Victorie City #1 (of 4)
Story by Keith Carmack (@keithchaos)
Art by Vincent Nappi (@Vincent Nappi)
Letters & Design by Jessi Adrignola (@jessinaislost)
Review by Joey Braccino
“YOU’RE THiNKiNG TO YOURSELF RiGHT NOW THAT SOMEONE WiLL SHOW UP LAST MiNUTE AND SAVE YOU…”
Tell me if you’ve heard this one before: We open in a diner and the cook behind the bar is chatting up the customer telling him about his ungrateful son when the customer asks if he knows what infanticide is.
It’s funny, but it’s not, and Keith Carmack and Vincent Nappi’s new mini-series Victorie City from IDW is certainly twisted and brutal in exactly the same way. The scene shifts immediately to that same customer tormenting a couple 15 miles outside Victorie City, musing over the corruption in the police and government and the hopeless screams of his victims. The scene ends with giant “HA HA HA”s painted in stark red spiraling out of the man’s violent actions.
And that’s just the first few pages of Victorie City #1. Very much in the vein of films like Se7en and Silence of the Lambs, Victorie City hits all the marks of a solid psychological crime thriller. After Carmack and Nappi introduce us to the violent “antagonist,” they quickly shift focus to Detective Hektor Ness, the one good man left in a world of crooked cops.
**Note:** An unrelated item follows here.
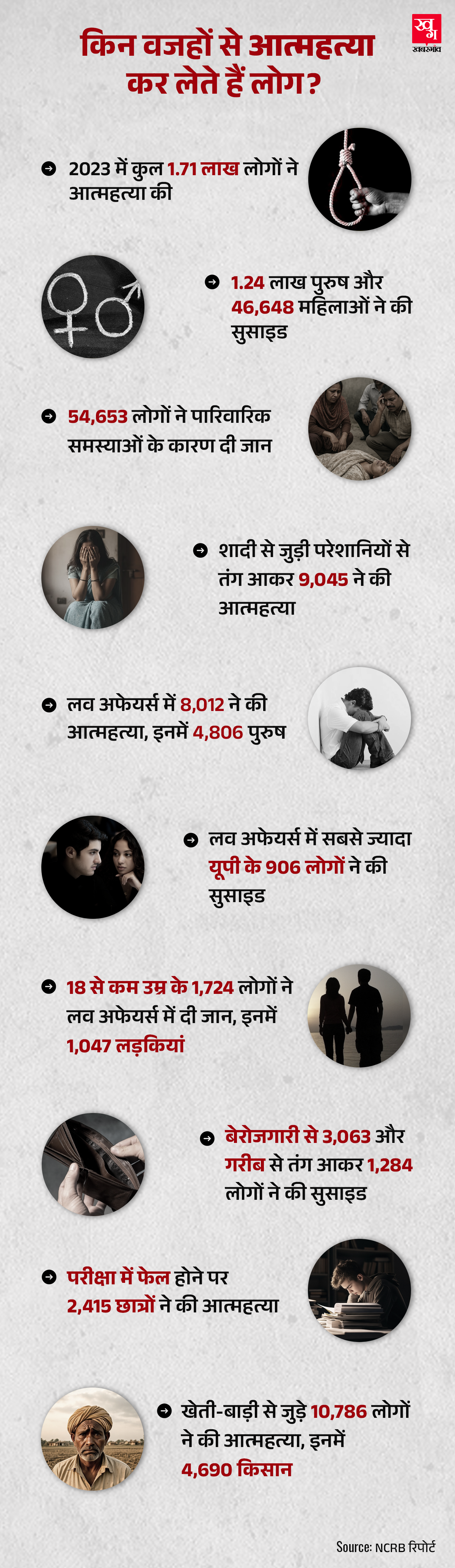 NCRB के डेटा के अनुसार, 2023 में कुल 1,71,418 लोगों ने आत्महत्या की है, जो 2022 से 494 ज्यादा हैं। 2023 में जितने लोगों आत्महत्या की थी, उनमें से 8 फीसदी से ज्यादा छात्र थे।

Ness is our “protagonist,” the hero who must decide whether his keeping his morality is worth losing his livelihood. As the story of Victorie City unravels, Carmack and Nappi bounce back and forth between these two men, blurring those labels and putting them on a crash course that collides at issue’s end in particularly intriguing fashion. Needless to say, I’m pumped for issue 2.
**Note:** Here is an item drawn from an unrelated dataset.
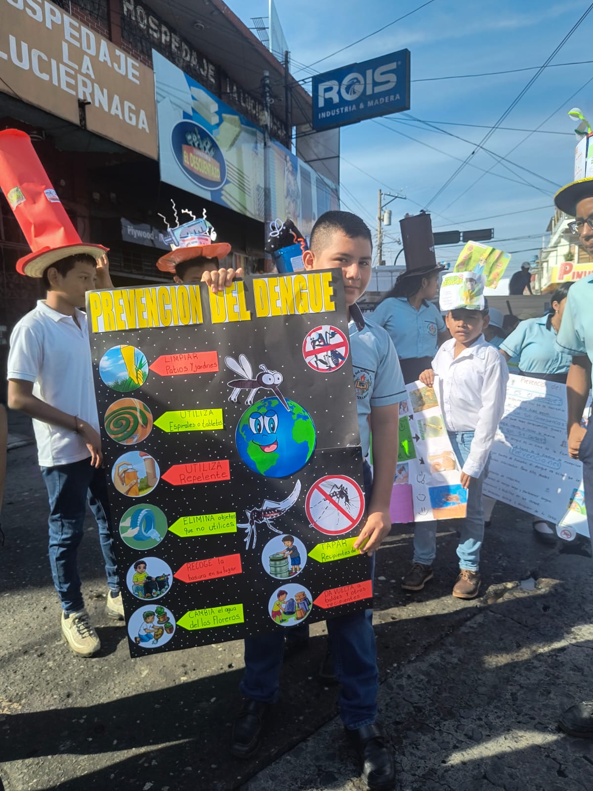 Coloridos disfraces permitieron dar a conocer las medidas de manera creativa, haciendo énfasis en contrarrestar criaderos de zancudos evitando acumulación de chatarra, llantas y objetivos en desuso.

Carmack’s story moves along briskly, but the characterization is sudden and stellar. The artwork from Vincent Nappi is simply stunning. Similar to cover artist Ben Templesmith’s moody aesthetic, Nappi’s scratchy, disorienting lines and layouts convey the complex and distressing psychology of the narrative expertly. Think Hunter S. Thompson meets Sean Phillips, with all the surrealism-comme-noir that you could mix in. One of the more brilliant artistic choices of the book is the use of color: Ness’ storyline is painted in a soft greenish hue while the serial killer’s scenes are washed in a grey/blue; when the two stories merge at the end, Nappi literally mixes the two color tones together into a gorgeous and shocking double-page spread. On top of that, Jessi Adrignola’s letters and design contribute abundantly to that distressing tenor of the book. The uneven, haphazard lettering reflects those same notions of uneasiness and insecurity, and it all comes together in a truly stunning visual experience from cover to cover.
Verdict
Buy. Brutal, bare, and beautifully crafted, Victorie City is a pitch-perfect combination of style and substance. Keith Carmack’s tale of corruption—both literal and figurative—is captured brilliantly in Vincent Nappi’s evocative artwork and Jessi Adrignola’s phantasmagoric design. Check it!